The question is whether teachers who were dismissed for low evaluation scores in the districts we studied would have received substantively different evaluation scores if their classroom observation scores had been adjusted as we recommend.
Over the years for which we have data, about four percent of the total teacher workforce was dismissed each year for low evaluation scores. Had the districts applied our statistical adjustment to the observation scores of these dismissed teachers, the fate of 15 percent of that four percent would have changed (less than one percent of the total teacher workforce).
Of course, if you were one of the dismissed teachers who would have survived for another year if your observation scores had been adjusted, this is a big deal. But from the point of view of the system as a whole and the interests of students, it is not. This is because the dismissed teachers who would have been retained using corrected observation scores would have just squeaked by. None of the upward movers gained more than about one percent in terms of total points available in their district’s evaluation system.
The bias in classroom observation systems that derives from some teachers being assigned much more able students than other teachers is very important to the overall performance of the teacher evaluation system. One of the consequences of it not being addressed is that teachers who understand how the system works and value high evaluation scores will do their best to be assigned to schools with high ability students, and within schools will do their best to get assigned the best students. This is the exact opposite of the equitable distribution of teacher talent that the U.S. Department of Education (the driving force behind state adoption of the type of teacher evaluation systems we have studied), intends for these systems to accomplish.
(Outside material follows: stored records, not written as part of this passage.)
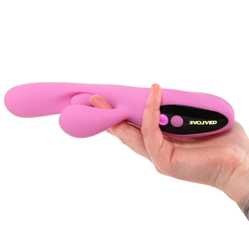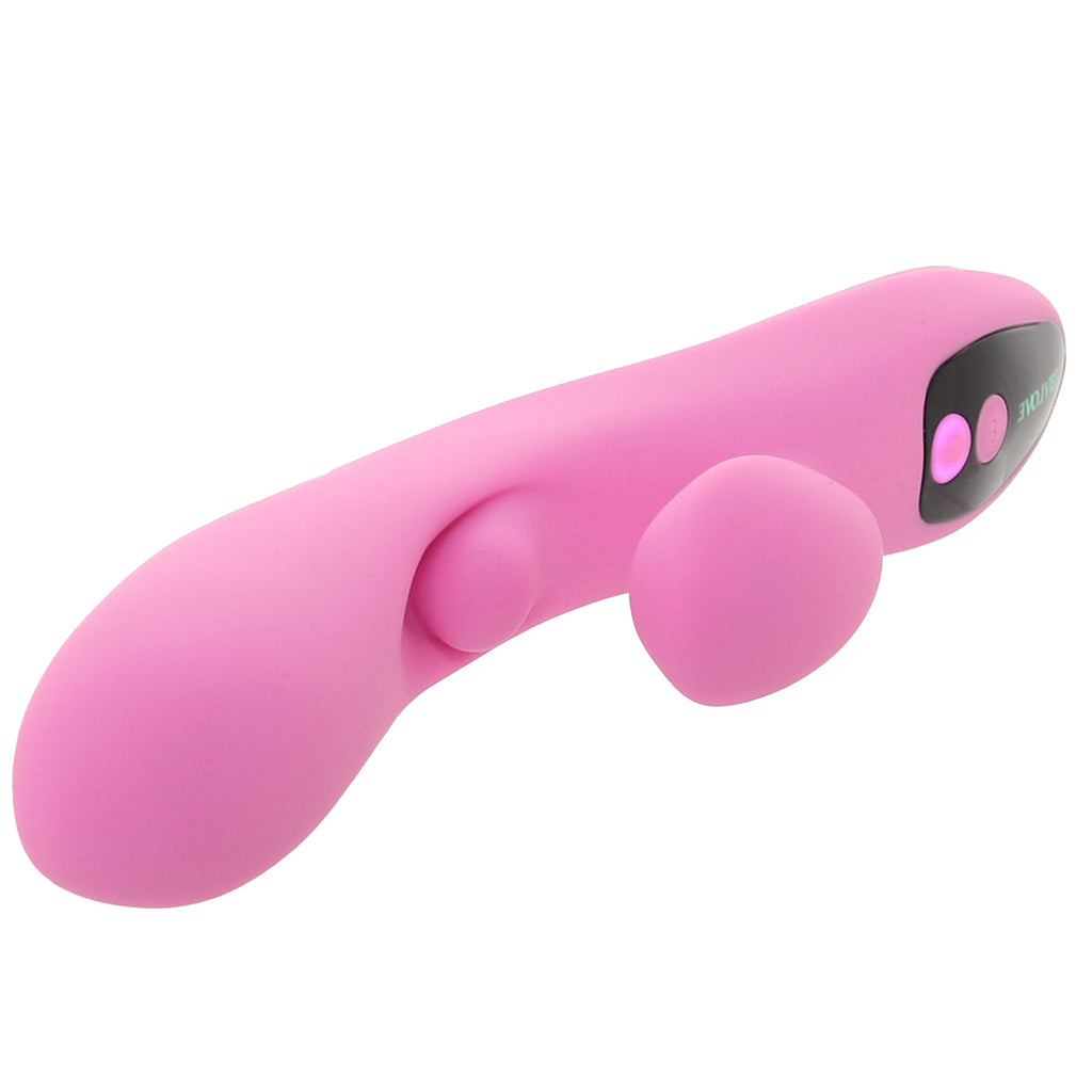 This thrusting, vibrating vibe brings some serious show-off energy right from the start. The curved shaft buzzes with deep vibration while the chunky external stimulator brings its own power to the party. Then the little internal bud pushes outward in ten speeds and patterns for a totally new kind of internal sensation. Call it a pleasure breakthrough!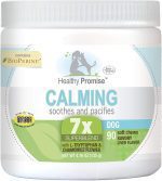 Healthy Promise Calming Soft Chews for Dogs are created to soothe and pacify pets in tense situations. Many dogs feel stress in situations such as fireworks, thunderstorms, long-distance travel, or grooming sessions. Thats why these liver-flavored chews feature a 7x Super Blend with ingredients including L-Tryptophan to support the stress response, Chamomile Flower, and Ginger Root Extract to help keep their stomach settled. The blend adds other key ingredients including Melatonin, Salmon Oil, and Rosemary Extract. Plus, these calming aids for dogs are made with BioPerine, which is shown to support the absorption of ingredients. Healthy Promise supplements proudly carry the National Animal Supplement Council (NASC) Seal, which is earned for complying with stringent quality control standards and much more. Add Healthy Promise USA-made supplements to your furry friends daily routine and live Happier, Healthier, and Stronger together!.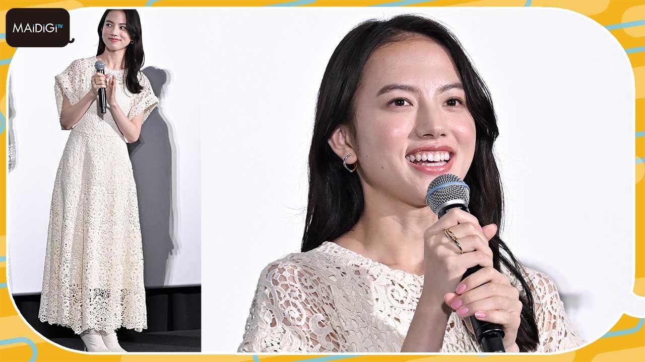 俳優の清原果耶さんが6月22日、東京都内で行われた映画「1秒先の彼」(山下敦弘監督、7月7日公開)のプレミア舞台あいさつに、透け感のある白系の総レースワンピで出席した。ワンピースは広がった袖が特徴的。ピンヒールのショートブーツを履き、2本の指につけるダブルフィンガーリングを着けて、品良くまとめた大人っぽいコーディネートだった。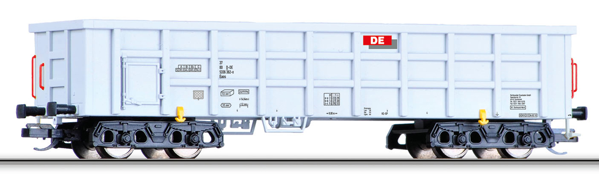 | vysokostěnný nákladní vůz světle šedý s červeným logem „Dortmunder Eisenbahn“ |

But the bias in classroom observation is not a serious problem with respect to teacher dismissal. It introduces a small margin of error into personnel actions of a very small percentage of teachers, but it does not result in mischaracterization of their classroom performance. These are very weak teachers whose names their students may want to forget, but can’t.
-Grover J. “Russ’ Whitehurst and Katharine Lindquist
This first appeared on the Brown Center Chalkboard.